In this tutorial, we cover the more advanced aspects of the fairness module in dalex
. For the introduction, see Fairness module in dalex example.
import pandas as pd
import numpy as np
{"pd": pd.__version__, "np": np.__version__}
Firstly we load the data, which is based on the famous ProPublica study on the COMPAS recidivism algorithm.
compas = pd.read_csv("https://raw.githubusercontent.com/propublica/compas-analysis/master/compas-scores-two-years.csv")
To get a clearer picture, we will only use a few columns of the original data frame.

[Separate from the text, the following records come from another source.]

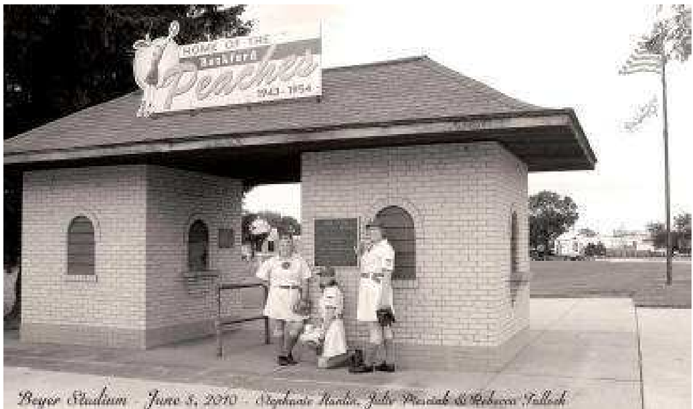
League Member in front of original Beyer Stadium Ticket Gate House at Rededication Ceremony in June 2010.

We play exactly how the original players played in 1943; with a 12" softball and underhand pitching, which is different than what was depicted in the film. We are mostly about teaching baseball women's history through playing ball and having a lot of fun doing it; experience playing baseball is not necessary, but always helpful. We are building the original 4 teams representing the Rockford Peaches, Kenosha Comets, Racine Belles, and South Bend Blue Sox; so if you live in Northern Indiana, North East Illinois, or South East Wisconsin and would like to play some 12" Softball with us, please send me an email with you interest. To learn more about our league and send us an email, visit our website at: www.ww2girlsbaseball.com .
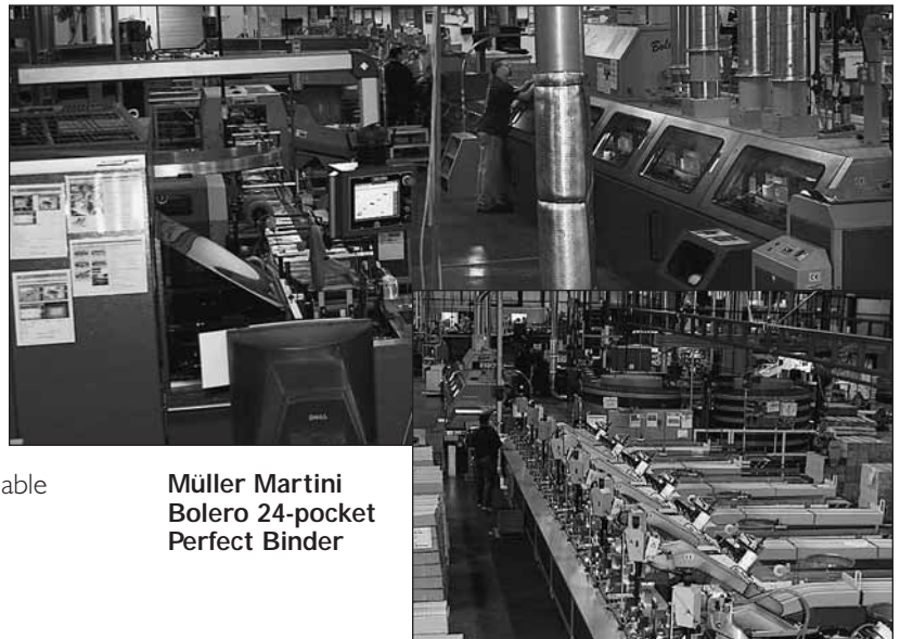
Müller Martini Bolero 24-pocket Perfect Binder
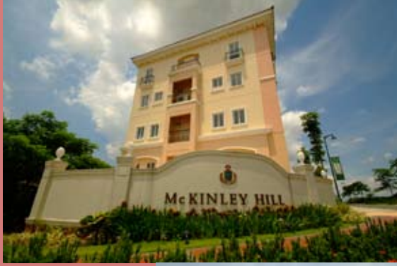
McKinley Hill (top & right) Pacific Plaza Towers (bottom)
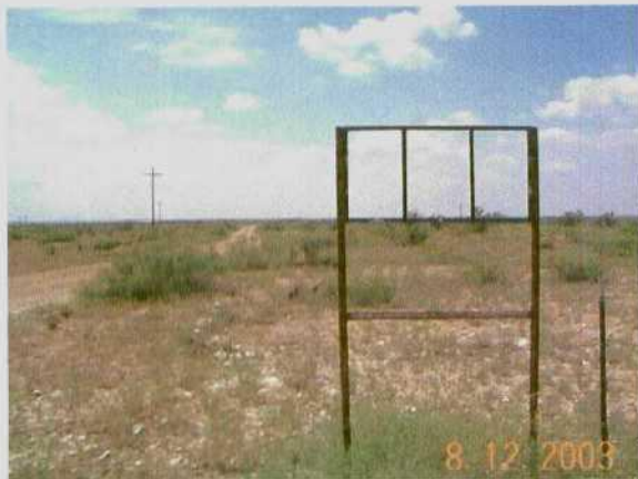
Photo 2: Facility Sign at Landfarm gate entrance is missing. Looking south into the landfarm.
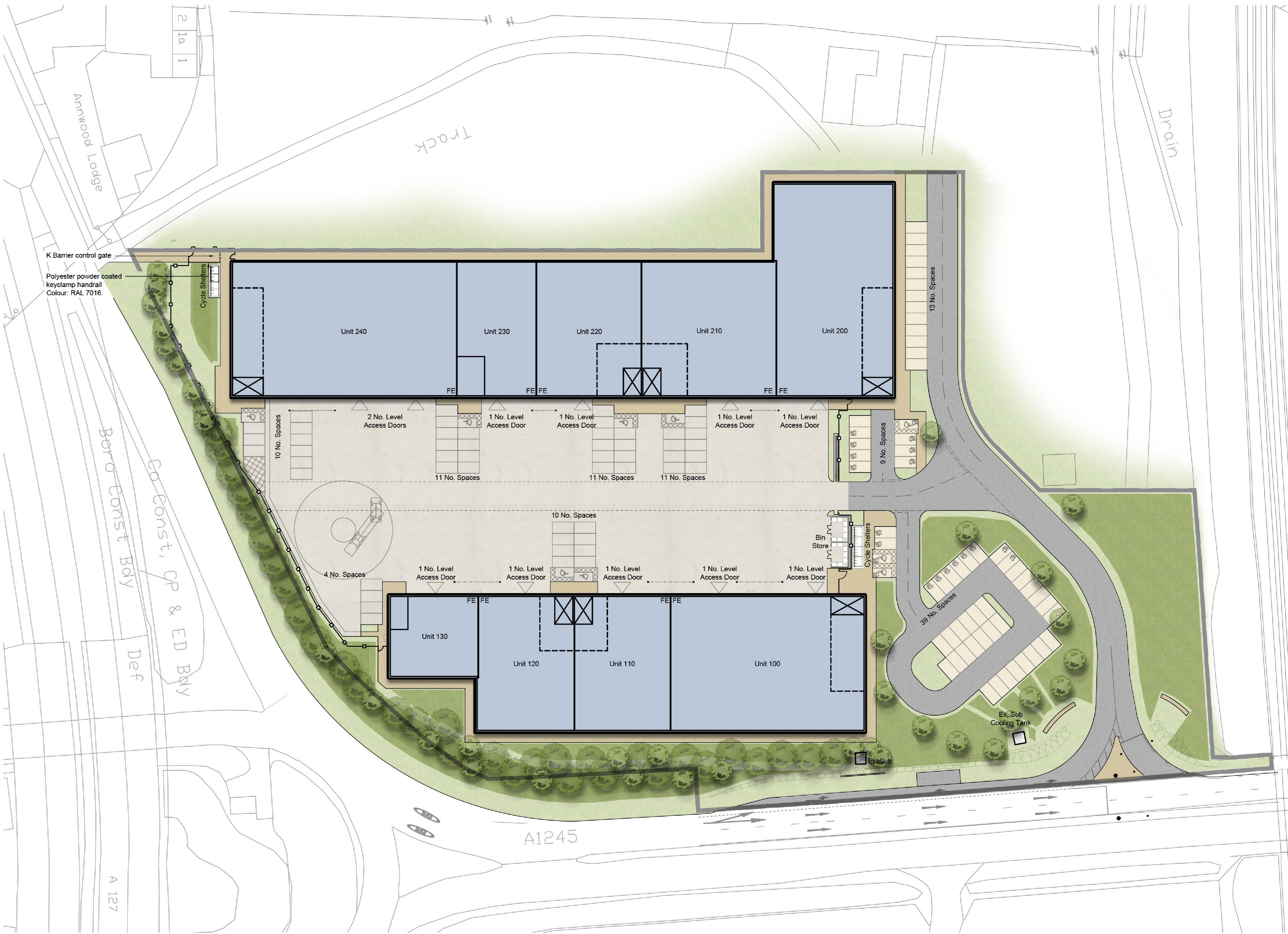
Site Layout - Scale 1:500

Proposed 2.4m high paladin security fence
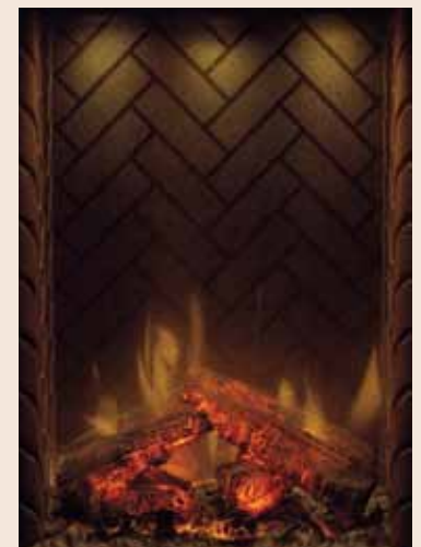
Herringbone Brick Interior
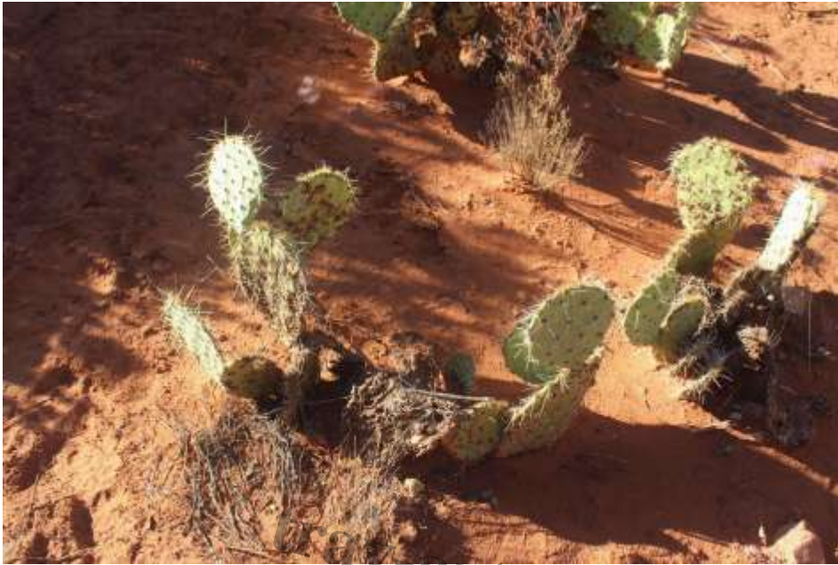
Brown-spined Prickly Pear, Sedona

compas = compas[["sex", "age", "age_cat", "race", "juv_fel_count", "juv_misd_count",
"juv_other_count", "priors_count", "c_charge_degree", "is_recid",
"is_violent_recid", "two_year_recid"]]
compas.head()
As we can see, we have a relatively compact pandas.DataFrame
. The target variable is two_year_recid which denotes if a particular person will re-offend in the next two years. For this tutorial, we will use scikit-learn
models, but these methods are model-agnostic.
age_cat = compas.age_cat
compas = compas.drop("age_cat", axis =1)
compas.dtypes
Like in the previous example, we will make 3 basic predictive models without the hyperparameter tuning.
from sklearn.compose import ColumnTransformer
from sklearn.pipeline import Pipeline
from sklearn.preprocessing import OneHotEncoder, StandardScaler
from sklearn.model_selection import train_test_split
# classifiers
from sklearn.tree import DecisionTreeClassifier
from sklearn.ensemble import RandomForestClassifier
from sklearn.linear_model import LogisticRegression
X_train, X_test, y_train, y_test = train_test_split(compas.drop("two_year_recid", axis =1),
compas.two_year_recid,
test_size=0.3,
random_state=123)
categorical_features = ['sex', 'race', 'c_charge_degree']
categorical_transformer = Pipeline(steps=[
('onehot', OneHotEncoder(handle_unknown='ignore'))
])
numerical_features = ["age", "priors_count"]
numerical_transformer = Pipeline(steps=[
('scale', StandardScaler())
])
preprocessor = ColumnTransformer(transformers=[
('cat', categorical_transformer, categorical_features),
('num', numerical_transformer, numerical_features)
])
clf_tree = Pipeline(steps=[
('preprocessor', preprocessor),
('classifier', DecisionTreeClassifier(max_depth=7, random_state=123))
])
clf_forest = Pipeline(steps=[
('preprocessor', preprocessor),
('classifier', RandomForestClassifier(n_estimators=200, max_depth=7, random_state=123))
])
clf_logreg = Pipeline(steps=[
('preprocessor', preprocessor),
('classifier', LogisticRegression())
])
clf_logreg.fit(X_train, y_train)
clf_forest.fit(X_train, y_train)
clf_tree.fit(X_train, y_train)
Now, we need to create Explainer
objects with the help of dalex.
import dalex as dx
dx.__version__
exp_logreg = dx.Explainer(clf_logreg, X_test, y_test)
exp_tree = dx.Explainer(clf_tree, X_test, y_test, verbose=False)
exp_forest = dx.Explainer(clf_forest, X_test, y_test, verbose=False)
pd.concat([exp.model_performance().result for exp in [exp_logreg, exp_tree, exp_forest]])
Now, we will use one of the dalex
methods to assess the Variable Importance of these models
exp_tree.model_parts().plot(objects=[exp_forest.model_parts(), exp_logreg.model_parts()])